■ ENTRIES PROVIDED:
□ □ □ □ □

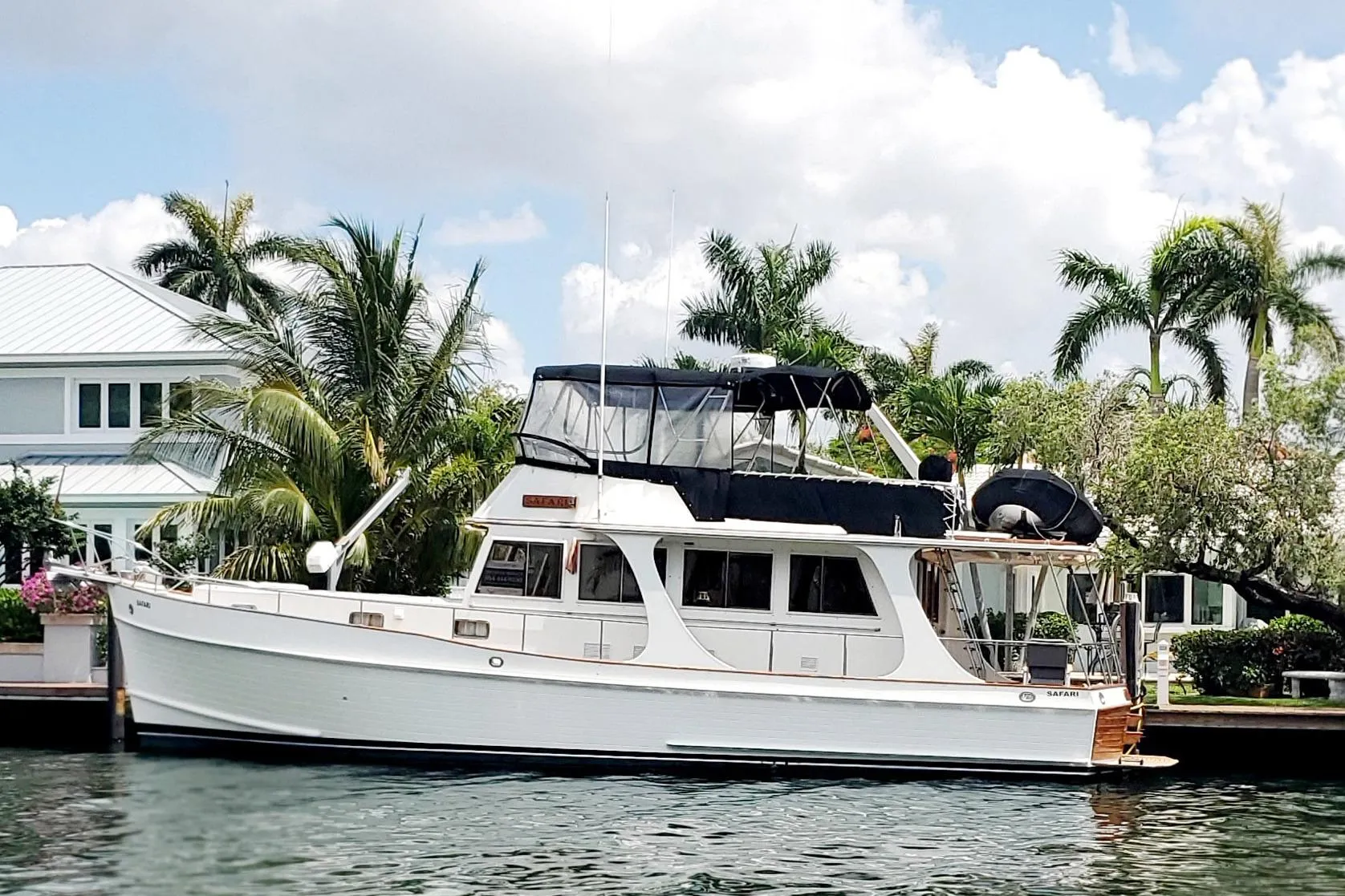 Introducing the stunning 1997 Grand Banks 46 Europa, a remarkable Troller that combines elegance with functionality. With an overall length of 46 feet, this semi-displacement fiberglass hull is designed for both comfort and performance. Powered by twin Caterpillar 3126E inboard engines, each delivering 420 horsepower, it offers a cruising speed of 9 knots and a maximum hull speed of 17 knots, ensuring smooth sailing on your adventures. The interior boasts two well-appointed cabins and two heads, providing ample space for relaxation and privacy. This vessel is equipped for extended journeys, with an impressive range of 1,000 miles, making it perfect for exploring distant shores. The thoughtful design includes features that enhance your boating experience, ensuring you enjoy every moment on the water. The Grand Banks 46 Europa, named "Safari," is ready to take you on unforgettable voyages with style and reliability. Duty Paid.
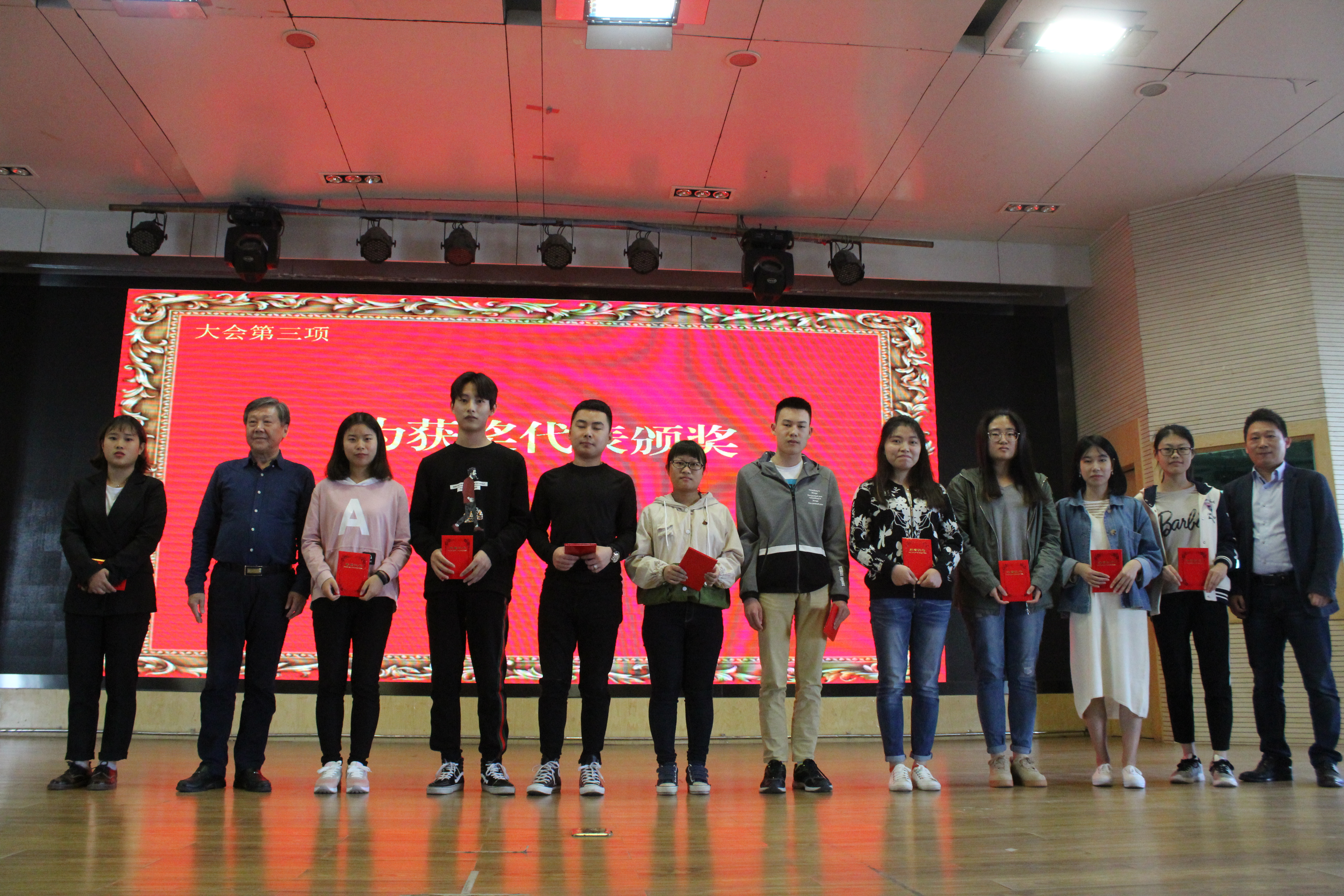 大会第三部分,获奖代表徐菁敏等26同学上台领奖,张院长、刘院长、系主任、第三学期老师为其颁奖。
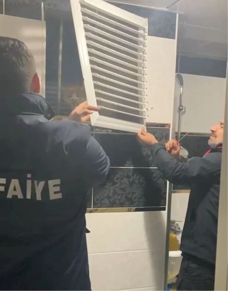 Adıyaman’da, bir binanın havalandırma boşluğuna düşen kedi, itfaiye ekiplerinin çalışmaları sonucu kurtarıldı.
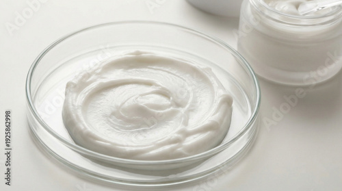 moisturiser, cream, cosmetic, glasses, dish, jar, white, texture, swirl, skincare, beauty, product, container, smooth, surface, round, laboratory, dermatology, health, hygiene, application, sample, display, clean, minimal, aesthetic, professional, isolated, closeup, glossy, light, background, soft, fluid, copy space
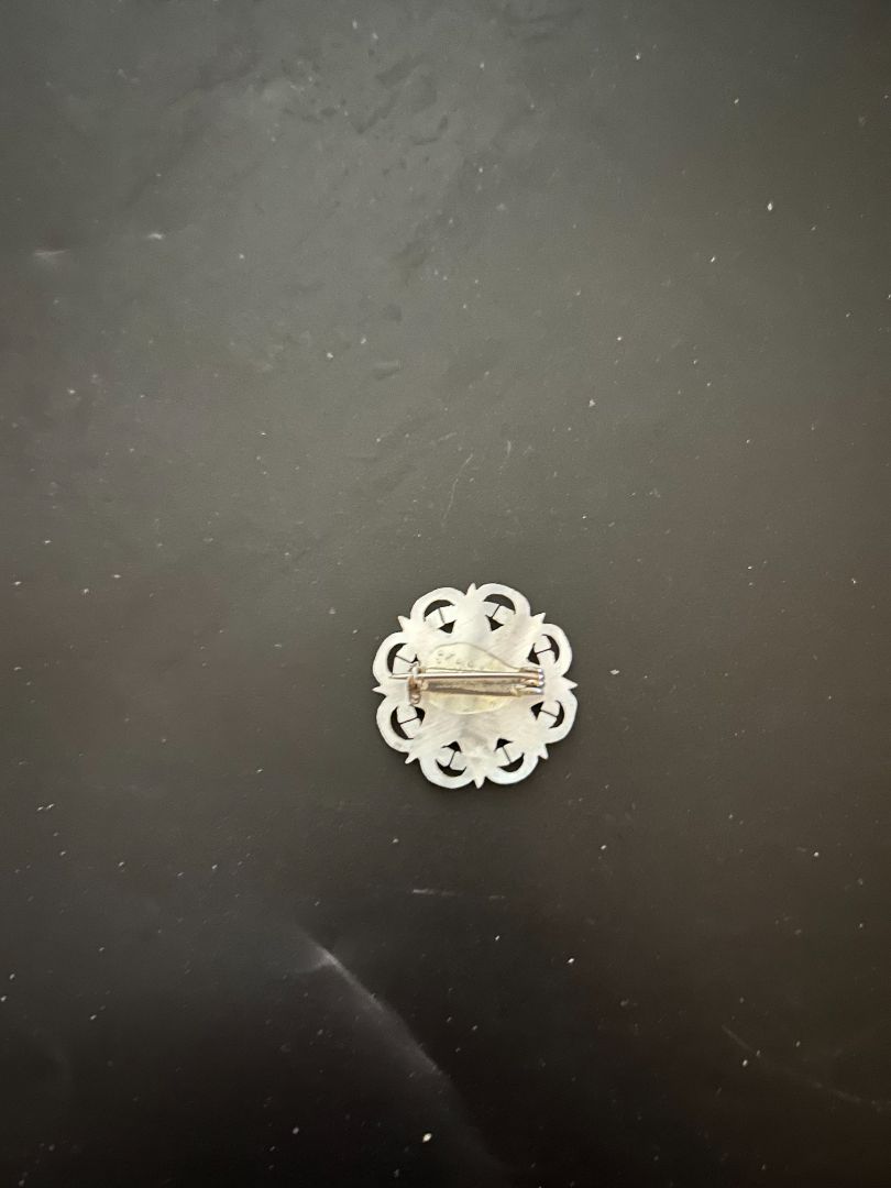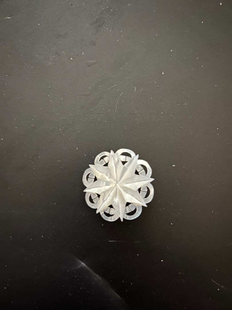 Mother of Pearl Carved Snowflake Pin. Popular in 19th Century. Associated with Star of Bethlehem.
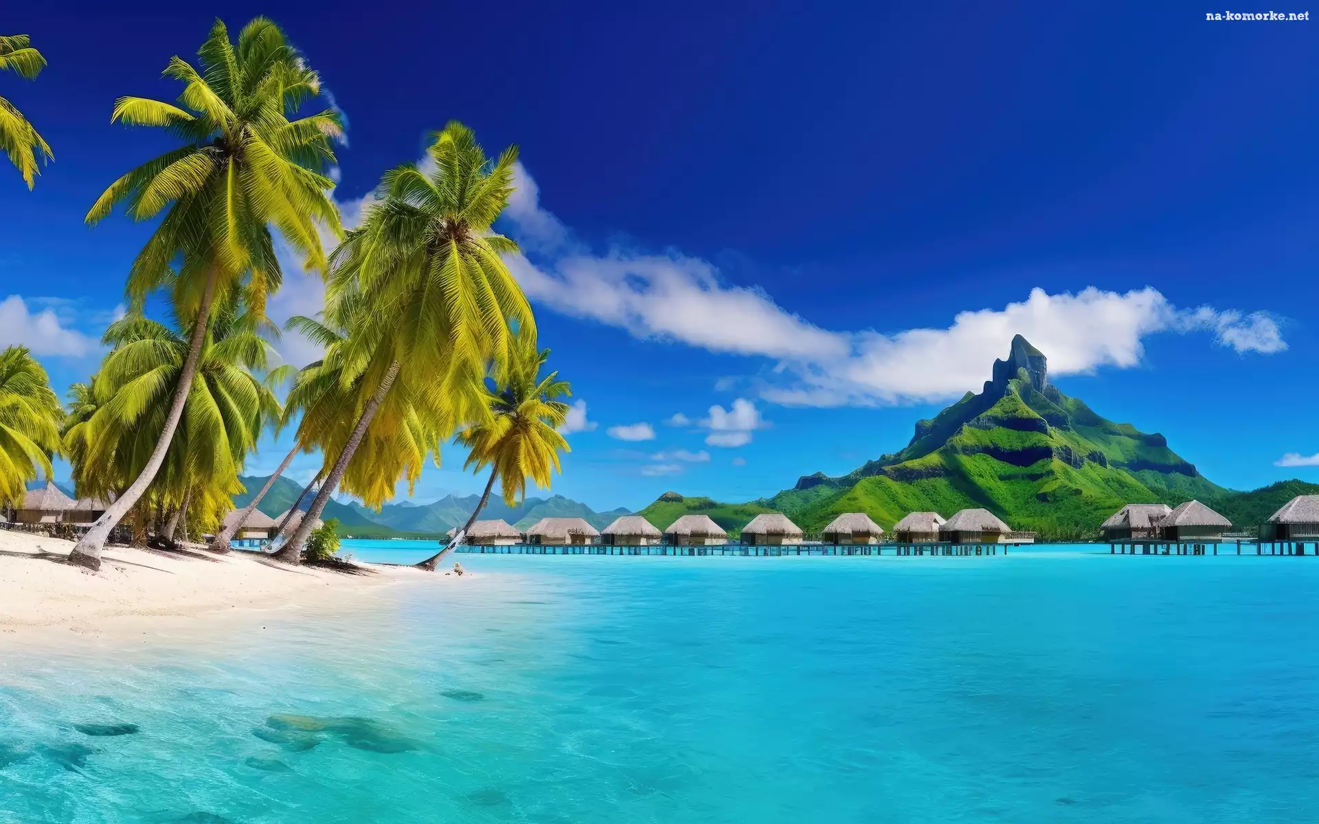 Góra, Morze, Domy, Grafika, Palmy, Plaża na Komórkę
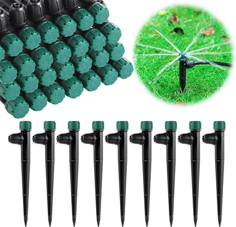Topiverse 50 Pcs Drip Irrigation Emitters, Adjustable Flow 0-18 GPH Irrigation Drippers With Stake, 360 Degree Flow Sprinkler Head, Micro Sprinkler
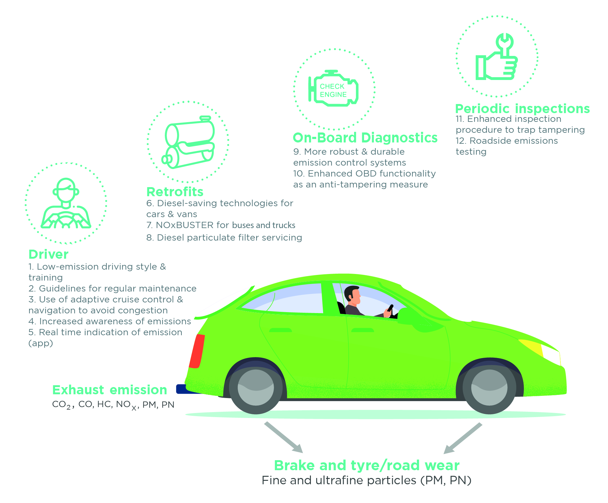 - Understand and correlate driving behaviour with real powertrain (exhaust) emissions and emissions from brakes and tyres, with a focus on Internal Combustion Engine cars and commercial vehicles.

□ □ □ □ □

■ PROBLEM DETAILS:
Give again the lines from the line that contains "Topiverse 50 Pcs" through the last line of the material above, exactly and with both ends included. Omit the pictures.

■ RESPONSE TO THE TASK:
Topiverse 50 Pcs Drip Irrigation Emitters, Adjustable Flow 0-18 GPH Irrigation Drippers With Stake, 360 Degree Flow Sprinkler Head, Micro Sprinkler
 - Understand and correlate driving behaviour with real powertrain (exhaust) emissions and emissions from brakes and tyres, with a focus on Internal Combustion Engine cars and commercial vehicles.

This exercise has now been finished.